Probably the last thing anyone expected from 2020 was for the worlds of political protest music and Zebrahead to collide – but it’s been a funny old year and, well, here we are. Bringing in Dan Palmer’s Death By Stereo bandmate and drummer Mike Cambra, half of the notoriously daft and eternally popular punk/rap/rock/ska band (vocalist/guitarist Matty Lewis is notably absent) have created Fear No Empire, a supergroup of sorts, borne out of the civil and social unrest that has permeated the last six months. Together they’ve crafted a six track self-titled EP in the hope of addressing these injustices, attacking it with all the fire and fury it rightly deserves.

This is, in effect, Zebrahead goes Rage Against The Machine, and if that sentence fills you with horror, then… well, fair enough. It’s not quite something we were anticipating writing either, but it’s also probably not quite what you think and, in a way, that’s sort of the problem.
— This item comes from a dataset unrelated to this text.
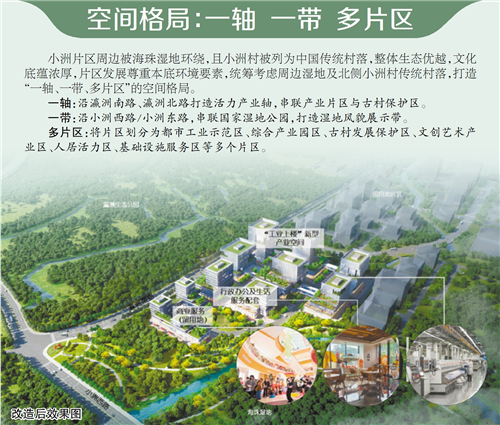 规划提出,将小洲村村镇工业集聚区打造为后航道服务型制造创新带中的现代都市工业产业高地、环海珠湿地价值圈的生产生活生态融合发展示范园区,建设以人工智能与数字经济、绿色智造等为主导功能的珠江后航道现代都市工业标杆。依托片区周边基础优势,沿产业活力轴逐步导入生态生活中心、现代都市产业示范区,联动北侧小洲村文商旅融合消费圈及南侧科创型高端商务总部区等功能区。

It’s all too often a cheap tribute to the masters of protest, finding its place musically but struggling to grasp the depth of more modern bands like Fever 333. Second track ‘Amplifier’ is pure Rage riffs that are undeniably enjoyable, but alongside a slightly jarring pronunciation of ‘bourgeoisie’ are clumsy rhymes and tired ideas that never really do more than scratch the surface.

One of the biggest issues is that this is an EP that tries incredibly hard to make salient and symbolic statements, and then sort of gives up halfway in order to scream “wear a fucking mask, you dumb fuck” (‘Super Spreader’). Entertaining enough, but it leaves you wondering just how seriously they’re actually taking their subject matter as they lapse into more their familiar Zebrahead approach. You can feel what they’re striving for here, but they don’t quite achieve their goal, and it’s a shame; musically, they have the chops to make this work. They’re no strangers to hip-hop – the work of Dan Palmer on guitar consistently hits the mark throughout, vocalist Ali Tabatabaee is as snappy as ever, and there’s no doubt that this EP has been motivated by sincere and powerful intentions – but perhaps in their haste to make a statement, the end result has fallen short, ultimately feeling hollow and forgettable.

If you’re already a fan of Zebrahead with a taste for a dash of rebellion, this is a release you won’t want to miss. For the rest of us? It’s worth a listen, and the topics addressed are certainly more than worth your time – just don’t expect these to be the songs that fuel your revolution.